▶ DATA EXTRACT:
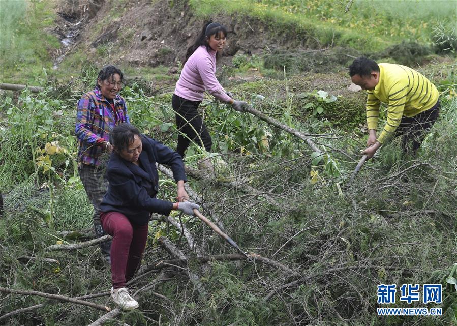 龍臺(tái)村村民在平整一處殘次林(4月1日攝)。新華社記者劉坤攝
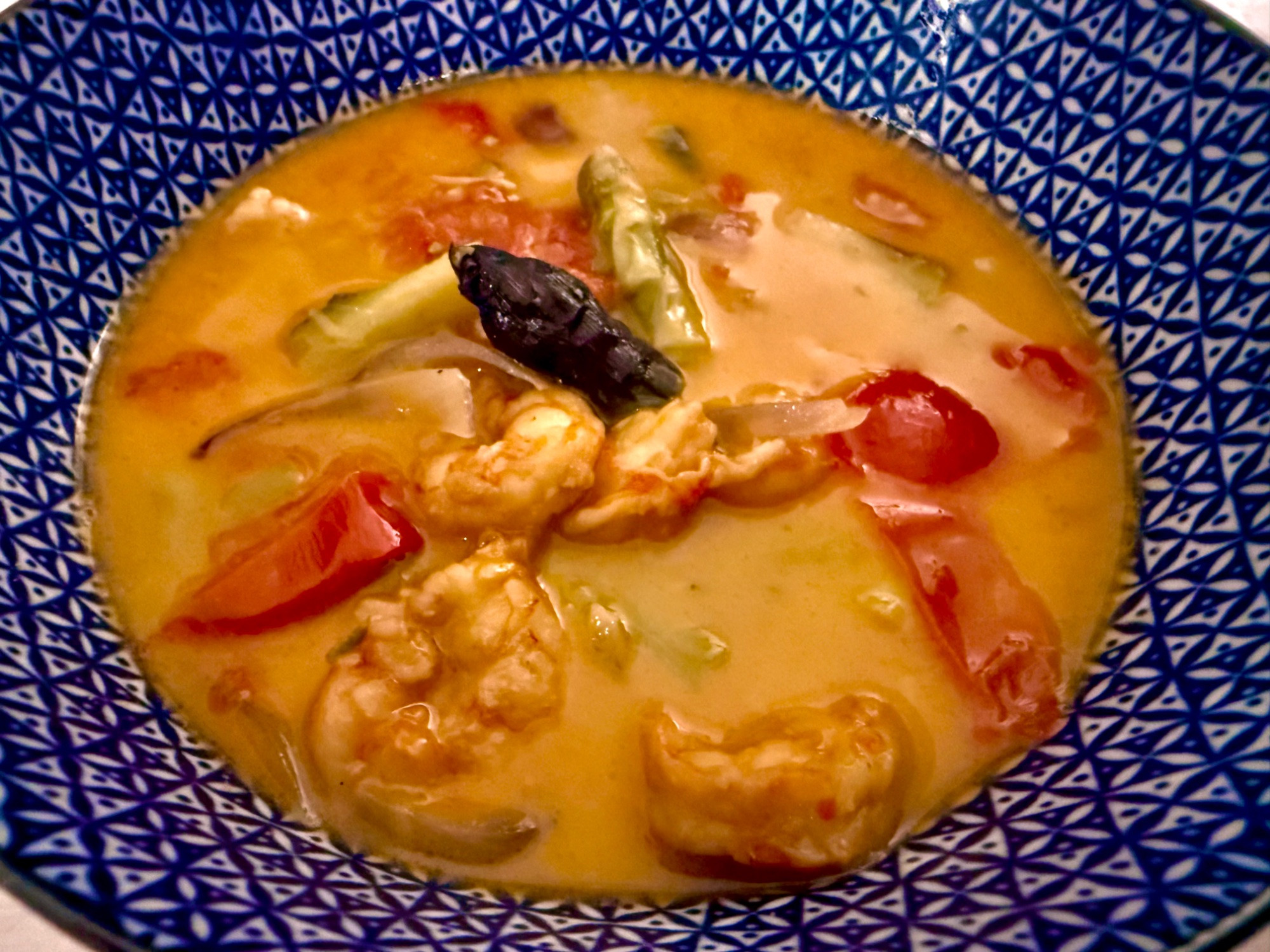 ich hatte zunächst knoblauch, rote zwiebel und gartenspargel vorbereitet und geschnitten (spargel in köpfe und abschnitte sortiert), den knoblauch angebraten, etwas tom kha-paste mitgeschmort, ein klecks tomatenmark dazugegeben, kurz angeröstet, gartenchili-sambal oelek dazugegeben, die rotgarnelen dazugegeben, wegmussgartenspargelschalensud vom letzten spargelessen aufgegossen, mit palmzucker und fischsauce abgeschmeckt, spargelabschnitte dazugegeben, flüssigkeit ca. 10 minuten eingekocht, kokosmilch dazugegeben, spargelköpfe dazugegeben, ca. fünf minuten weiter eingekocht, kurz vorm servieren die roten zwiebeln und tomaten dazugegeben – fertig. limettensäure hat mir erstaunlicherweise nicht gefehlt, hätte aber gepasst.
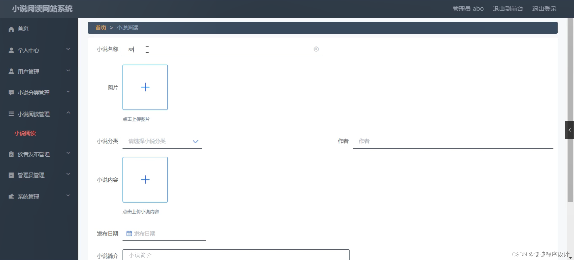 本文探讨了随着数字技术发展的小说阅读网站系统,研究其用户管理、小说分类、阅读体验和读者发布等功能,以揭示网络文学传播的特点,提出优化建议,以提升用户体验和平台竞争力。使用了SSM框架、Vue.js等技术进行系统分析和设计。
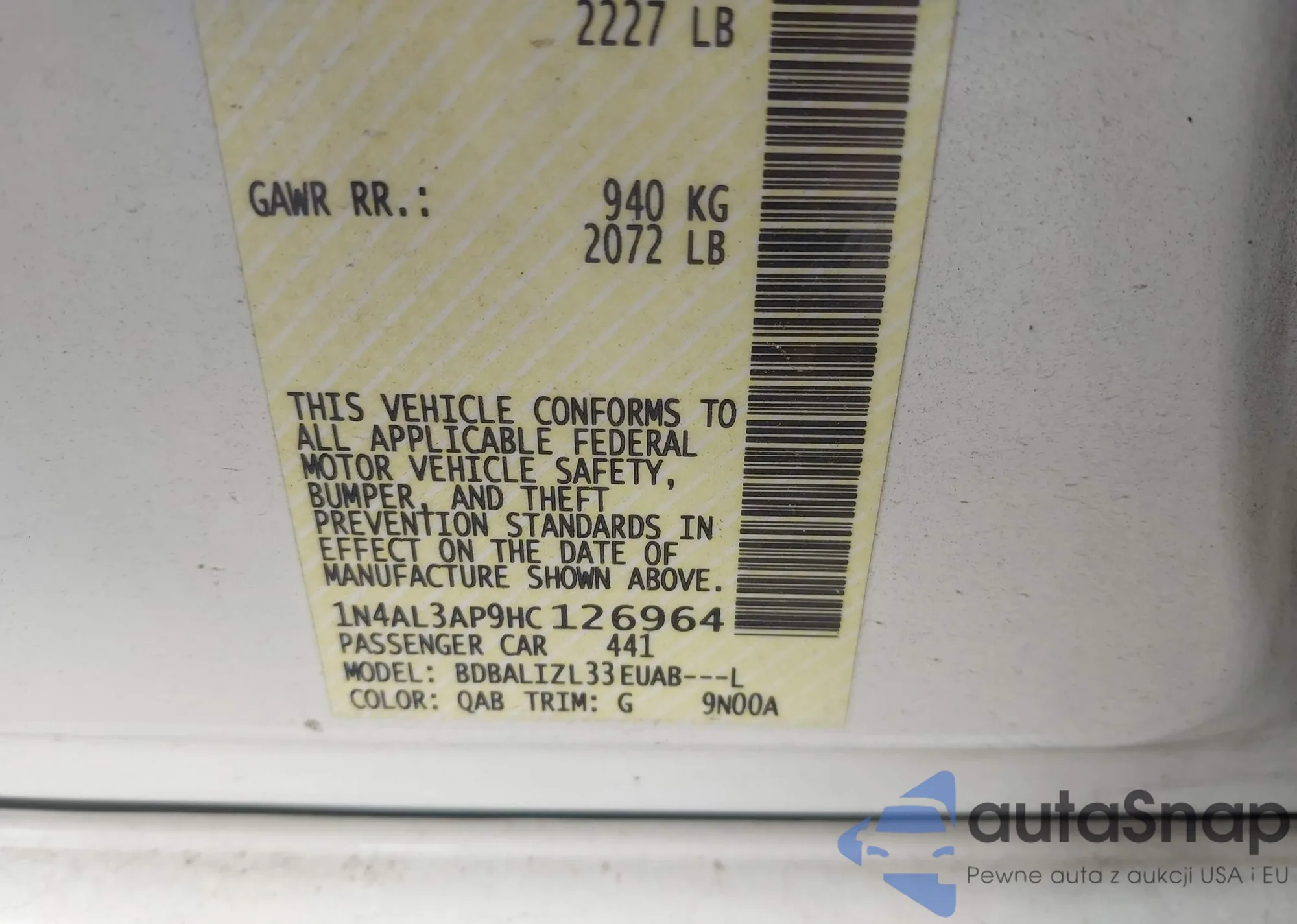 VIN: 1N4AL3AP9HC126964

▶ ASSIGNMENT:
Return the material verbatim; the images are not to appear in the copy.

▶ TASK RESULT:
 龍臺(tái)村村民在平整一處殘次林(4月1日攝)。新華社記者劉坤攝
 ich hatte zunächst knoblauch, rote zwiebel und gartenspargel vorbereitet und geschnitten (spargel in köpfe und abschnitte sortiert), den knoblauch angebraten, etwas tom kha-paste mitgeschmort, ein klecks tomatenmark dazugegeben, kurz angeröstet, gartenchili-sambal oelek dazugegeben, die rotgarnelen dazugegeben, wegmussgartenspargelschalensud vom letzten spargelessen aufgegossen, mit palmzucker und fischsauce abgeschmeckt, spargelabschnitte dazugegeben, flüssigkeit ca. 10 minuten eingekocht, kokosmilch dazugegeben, spargelköpfe dazugegeben, ca. fünf minuten weiter eingekocht, kurz vorm servieren die roten zwiebeln und tomaten dazugegeben – fertig. limettensäure hat mir erstaunlicherweise nicht gefehlt, hätte aber gepasst.
 本文探讨了随着数字技术发展的小说阅读网站系统,研究其用户管理、小说分类、阅读体验和读者发布等功能,以揭示网络文学传播的特点,提出优化建议,以提升用户体验和平台竞争力。使用了SSM框架、Vue.js等技术进行系统分析和设计。
 VIN: 1N4AL3AP9HC126964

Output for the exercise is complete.